### Work order
Retype the records below exactly as they stand, but with no images.

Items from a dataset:
━━━━━━━━━━━━━━━━━━━━━━━━━━━━━━
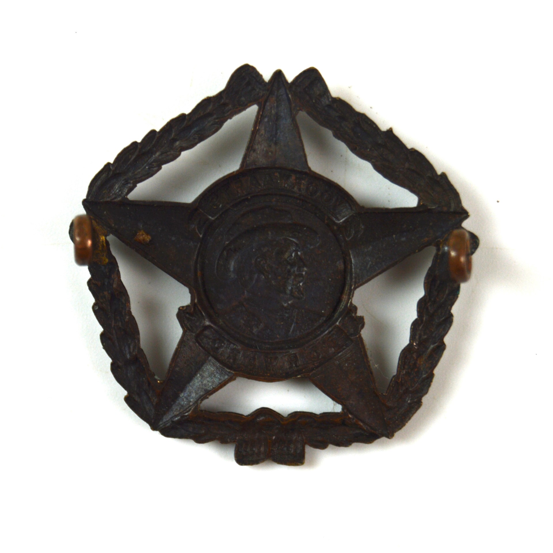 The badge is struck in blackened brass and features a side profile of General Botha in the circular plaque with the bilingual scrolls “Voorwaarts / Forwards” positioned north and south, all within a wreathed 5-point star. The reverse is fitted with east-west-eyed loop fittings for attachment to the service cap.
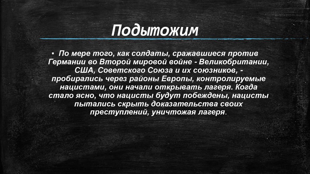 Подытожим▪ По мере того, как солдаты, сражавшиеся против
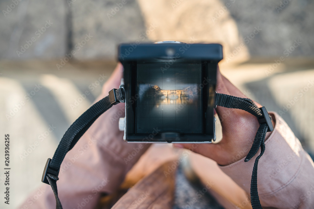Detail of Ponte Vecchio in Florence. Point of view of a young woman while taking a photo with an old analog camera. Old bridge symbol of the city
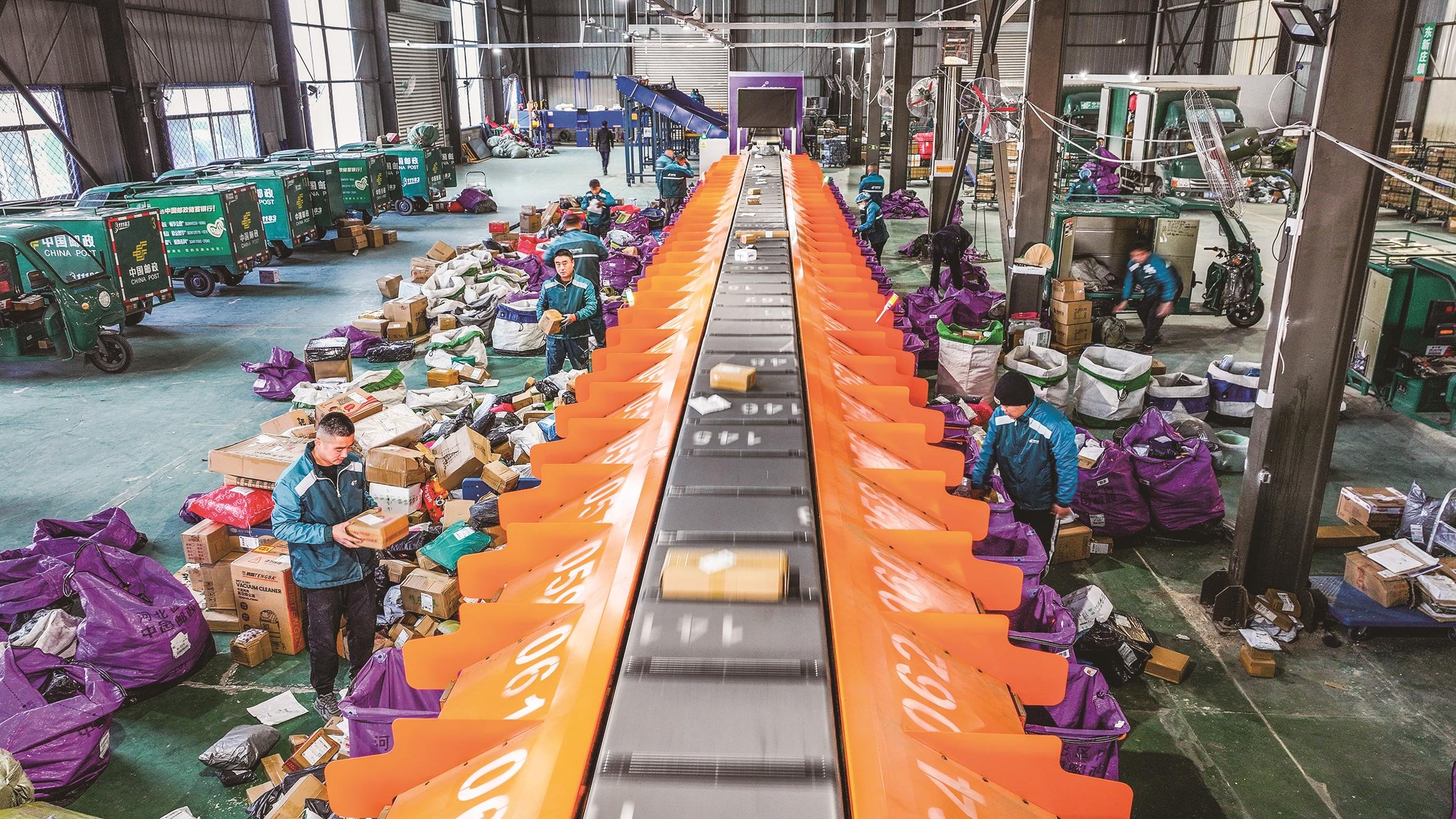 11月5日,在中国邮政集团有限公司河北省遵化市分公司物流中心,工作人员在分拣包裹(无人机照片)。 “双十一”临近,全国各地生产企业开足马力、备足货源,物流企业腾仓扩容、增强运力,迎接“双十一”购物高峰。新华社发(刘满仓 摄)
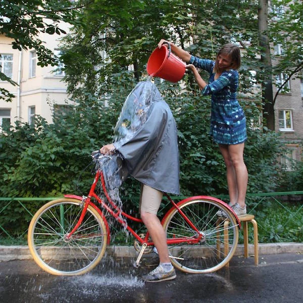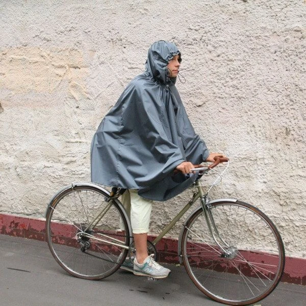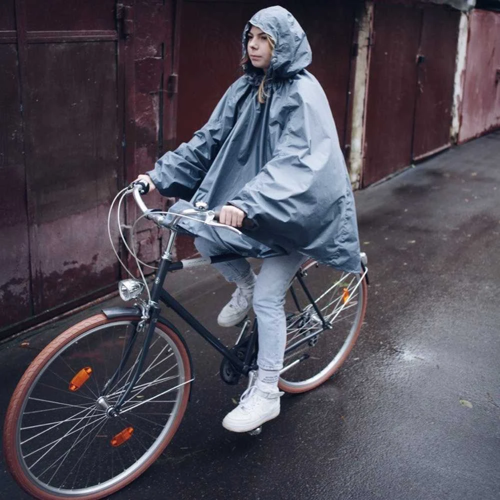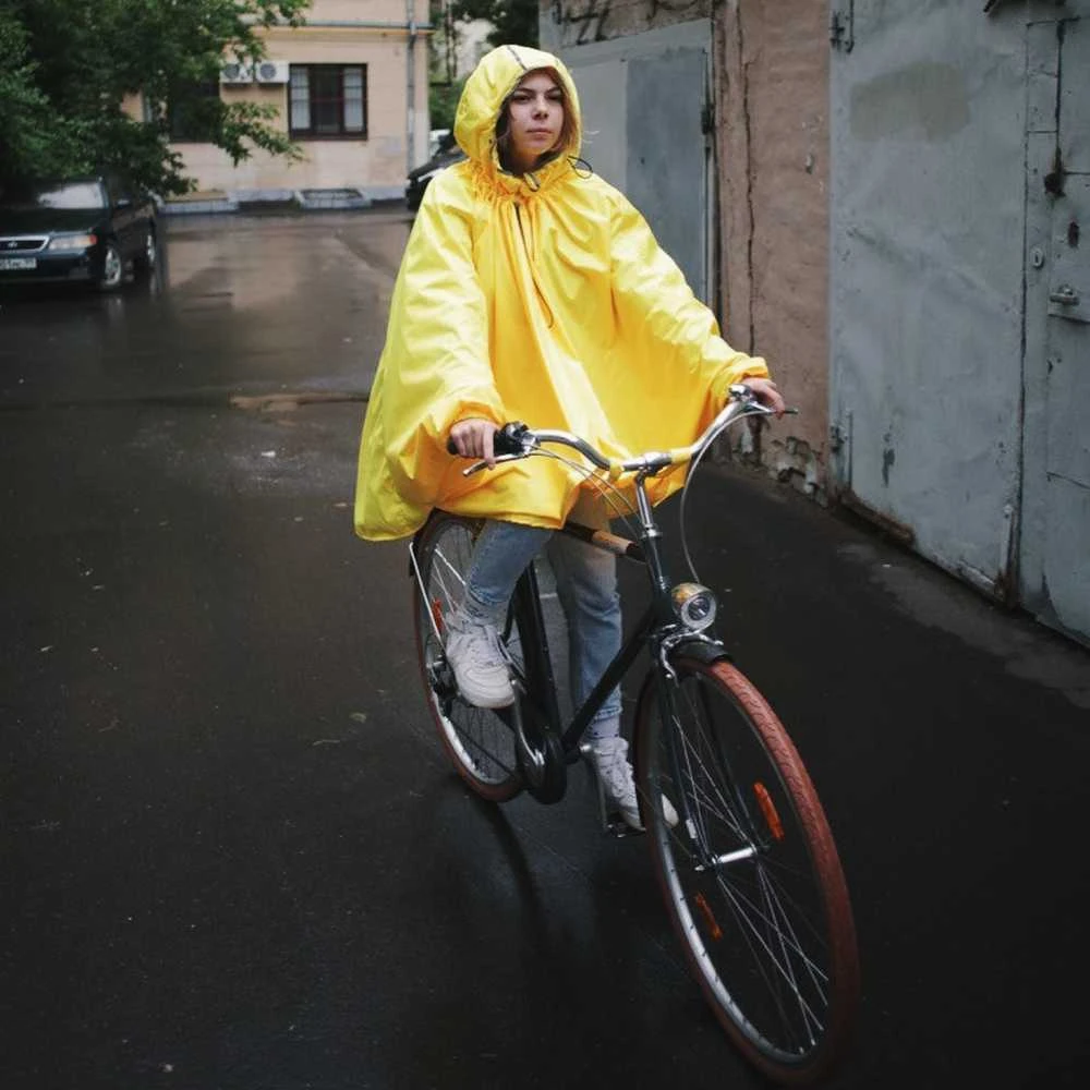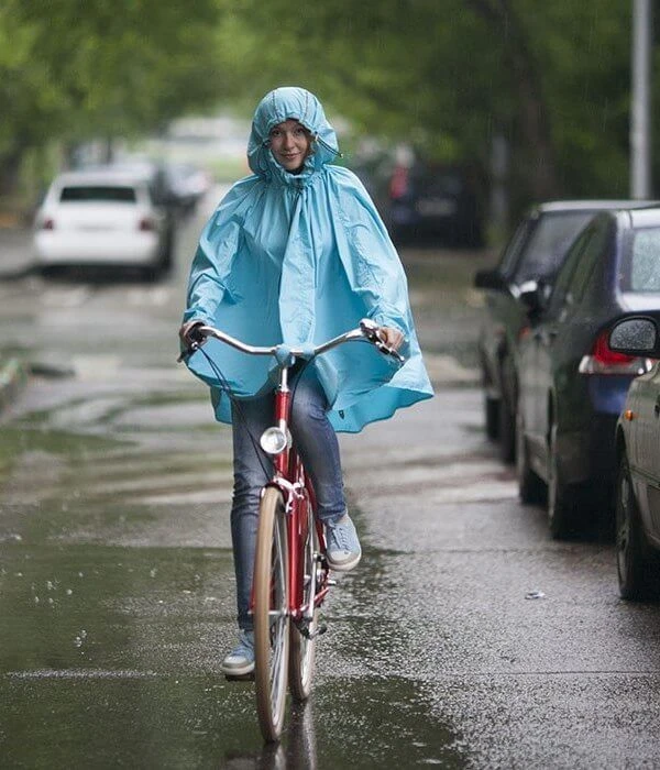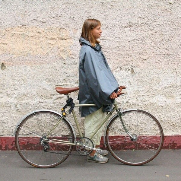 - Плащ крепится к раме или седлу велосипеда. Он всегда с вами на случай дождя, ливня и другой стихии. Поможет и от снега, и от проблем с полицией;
━━━━━━━━━━━━━━━━━━━━━━━━━━━━━━
### Answer below
 The badge is struck in blackened brass and features a side profile of General Botha in the circular plaque with the bilingual scrolls “Voorwaarts / Forwards” positioned north and south, all within a wreathed 5-point star. The reverse is fitted with east-west-eyed loop fittings for attachment to the service cap.
 Подытожим▪ По мере того, как солдаты, сражавшиеся против
Detail of Ponte Vecchio in Florence. Point of view of a young woman while taking a photo with an old analog camera. Old bridge symbol of the city
 11月5日,在中国邮政集团有限公司河北省遵化市分公司物流中心,工作人员在分拣包裹(无人机照片)。 “双十一”临近,全国各地生产企业开足马力、备足货源,物流企业腾仓扩容、增强运力,迎接“双十一”购物高峰。新华社发(刘满仓 摄)
 - Плащ крепится к раме или седлу велосипеда. Он всегда с вами на случай дождя, ливня и другой стихии. Поможет и от снега, и от проблем с полицией;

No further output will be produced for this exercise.